▶ THE PROBLEM:
From the listing below, restate word for word the lines from the line containing "旗揚げ時のメンバーとして横尾" down through the line containing "- STABILE &". Exclude pictures.

▶ EXERCISE DATA:
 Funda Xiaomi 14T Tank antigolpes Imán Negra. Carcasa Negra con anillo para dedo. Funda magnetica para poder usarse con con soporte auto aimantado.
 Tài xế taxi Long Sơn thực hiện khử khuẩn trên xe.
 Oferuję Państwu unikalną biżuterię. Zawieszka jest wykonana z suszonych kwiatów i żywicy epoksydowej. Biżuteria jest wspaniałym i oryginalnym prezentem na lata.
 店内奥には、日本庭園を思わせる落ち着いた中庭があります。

...

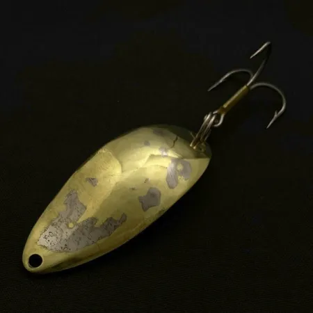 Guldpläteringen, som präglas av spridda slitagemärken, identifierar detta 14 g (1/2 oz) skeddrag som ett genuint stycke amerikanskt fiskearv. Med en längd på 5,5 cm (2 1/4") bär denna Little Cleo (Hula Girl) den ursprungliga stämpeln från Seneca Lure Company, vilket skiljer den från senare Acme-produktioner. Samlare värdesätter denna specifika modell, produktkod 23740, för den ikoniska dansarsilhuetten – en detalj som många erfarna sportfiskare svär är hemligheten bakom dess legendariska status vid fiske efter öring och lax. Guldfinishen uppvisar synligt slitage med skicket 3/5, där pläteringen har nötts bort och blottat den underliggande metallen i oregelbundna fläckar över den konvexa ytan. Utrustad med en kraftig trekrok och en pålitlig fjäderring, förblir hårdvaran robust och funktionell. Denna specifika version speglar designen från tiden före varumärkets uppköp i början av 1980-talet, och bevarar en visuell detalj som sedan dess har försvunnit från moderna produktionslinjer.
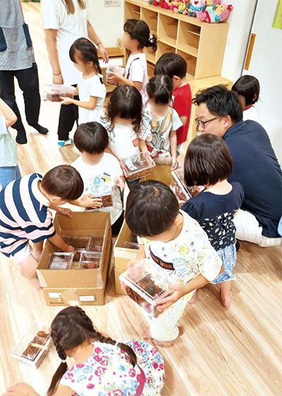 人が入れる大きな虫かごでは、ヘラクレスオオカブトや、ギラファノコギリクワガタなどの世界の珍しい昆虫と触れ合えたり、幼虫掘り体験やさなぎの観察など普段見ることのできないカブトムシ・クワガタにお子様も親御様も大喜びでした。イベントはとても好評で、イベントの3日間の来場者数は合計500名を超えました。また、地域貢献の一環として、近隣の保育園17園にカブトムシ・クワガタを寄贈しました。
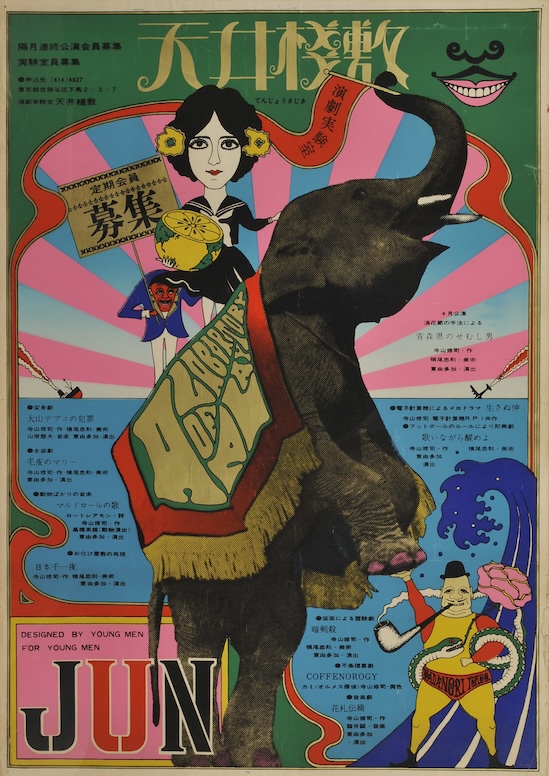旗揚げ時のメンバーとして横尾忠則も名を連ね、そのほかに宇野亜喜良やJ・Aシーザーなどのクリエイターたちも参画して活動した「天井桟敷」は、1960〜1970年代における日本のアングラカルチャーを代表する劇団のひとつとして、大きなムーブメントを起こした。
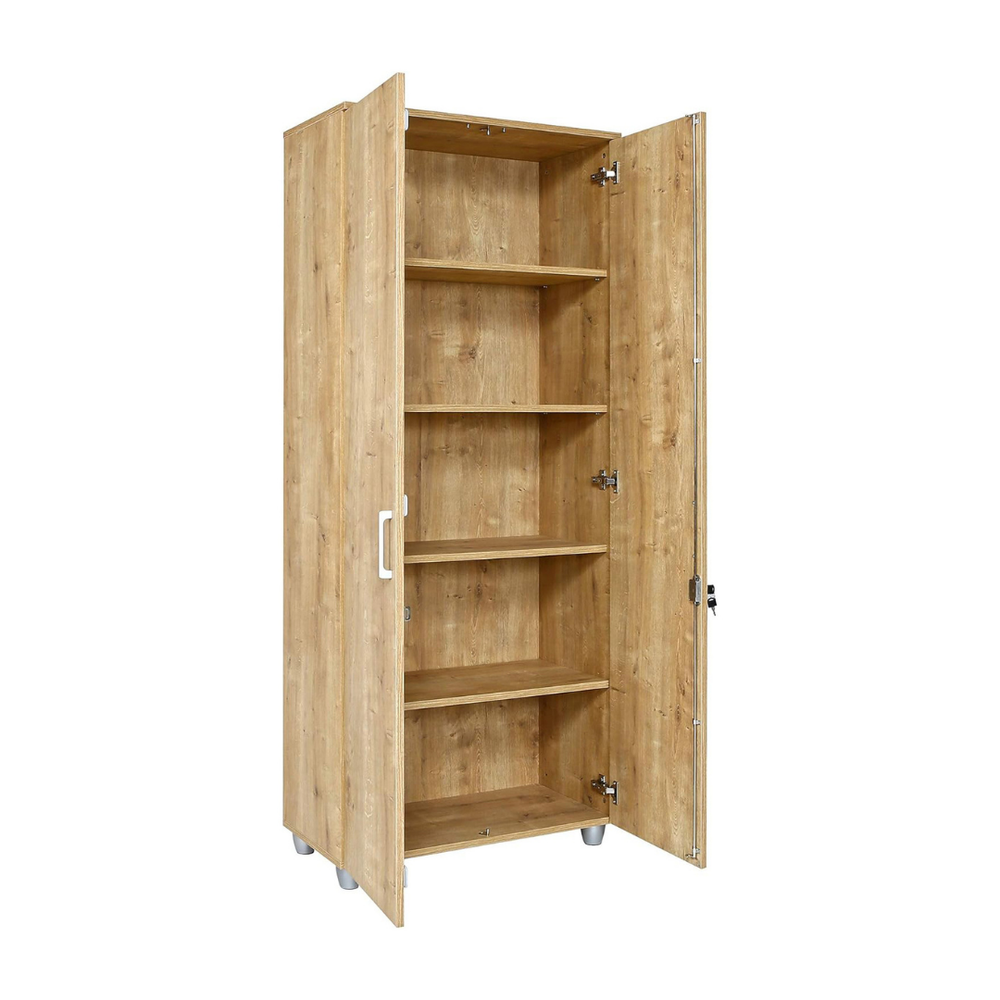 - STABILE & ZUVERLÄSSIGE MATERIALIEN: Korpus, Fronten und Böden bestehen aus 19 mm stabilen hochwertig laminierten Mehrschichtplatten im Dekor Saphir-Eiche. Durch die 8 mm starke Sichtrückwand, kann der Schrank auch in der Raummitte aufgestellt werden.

...

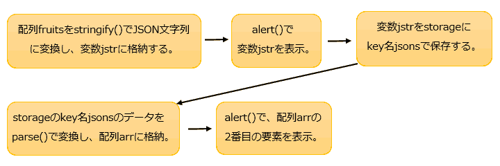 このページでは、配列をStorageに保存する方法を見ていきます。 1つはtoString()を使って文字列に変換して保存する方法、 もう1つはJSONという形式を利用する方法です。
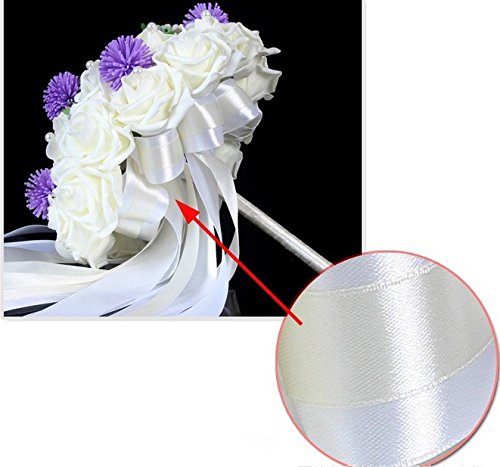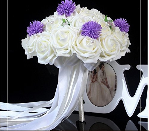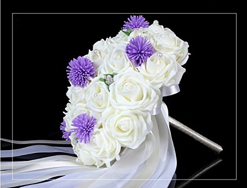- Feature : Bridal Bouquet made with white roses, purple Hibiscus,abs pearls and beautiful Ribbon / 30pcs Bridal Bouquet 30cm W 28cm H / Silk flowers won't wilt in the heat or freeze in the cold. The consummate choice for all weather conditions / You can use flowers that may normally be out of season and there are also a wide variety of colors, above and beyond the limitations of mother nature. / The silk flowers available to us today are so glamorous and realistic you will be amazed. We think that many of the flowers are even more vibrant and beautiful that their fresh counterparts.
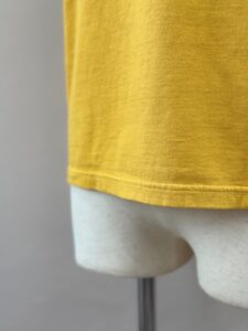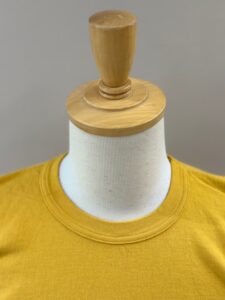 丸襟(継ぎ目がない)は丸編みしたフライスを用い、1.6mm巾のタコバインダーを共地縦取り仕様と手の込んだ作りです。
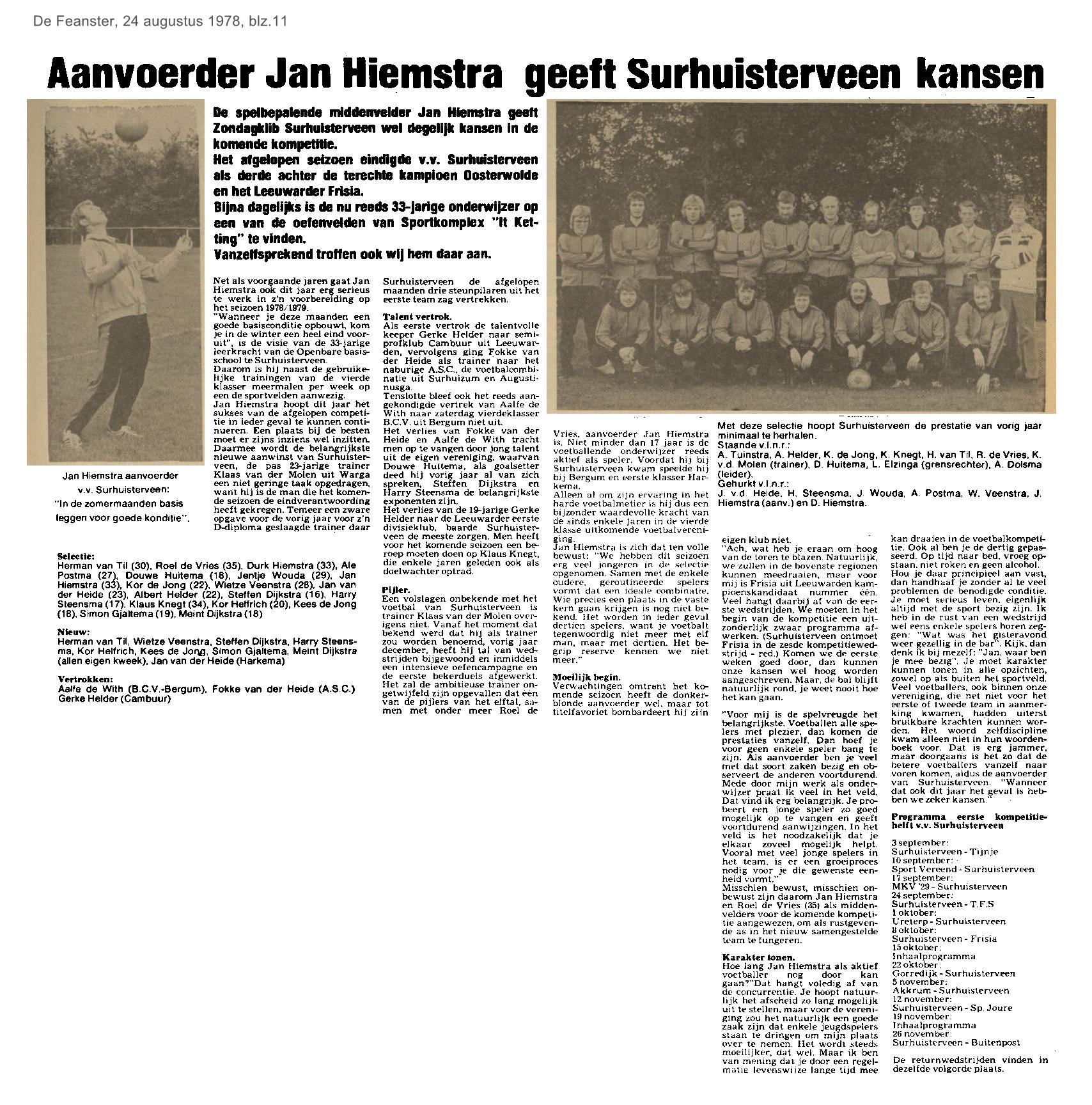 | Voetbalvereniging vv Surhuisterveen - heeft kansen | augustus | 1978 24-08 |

▶ EXERCISE SOLUTION:
旗揚げ時のメンバーとして横尾忠則も名を連ね、そのほかに宇野亜喜良やJ・Aシーザーなどのクリエイターたちも参画して活動した「天井桟敷」は、1960〜1970年代における日本のアングラカルチャーを代表する劇団のひとつとして、大きなムーブメントを起こした。
 - STABILE & ZUVERLÄSSIGE MATERIALIEN: Korpus, Fronten und Böden bestehen aus 19 mm stabilen hochwertig laminierten Mehrschichtplatten im Dekor Saphir-Eiche. Durch die 8 mm starke Sichtrückwand, kann der Schrank auch in der Raummitte aufgestellt werden.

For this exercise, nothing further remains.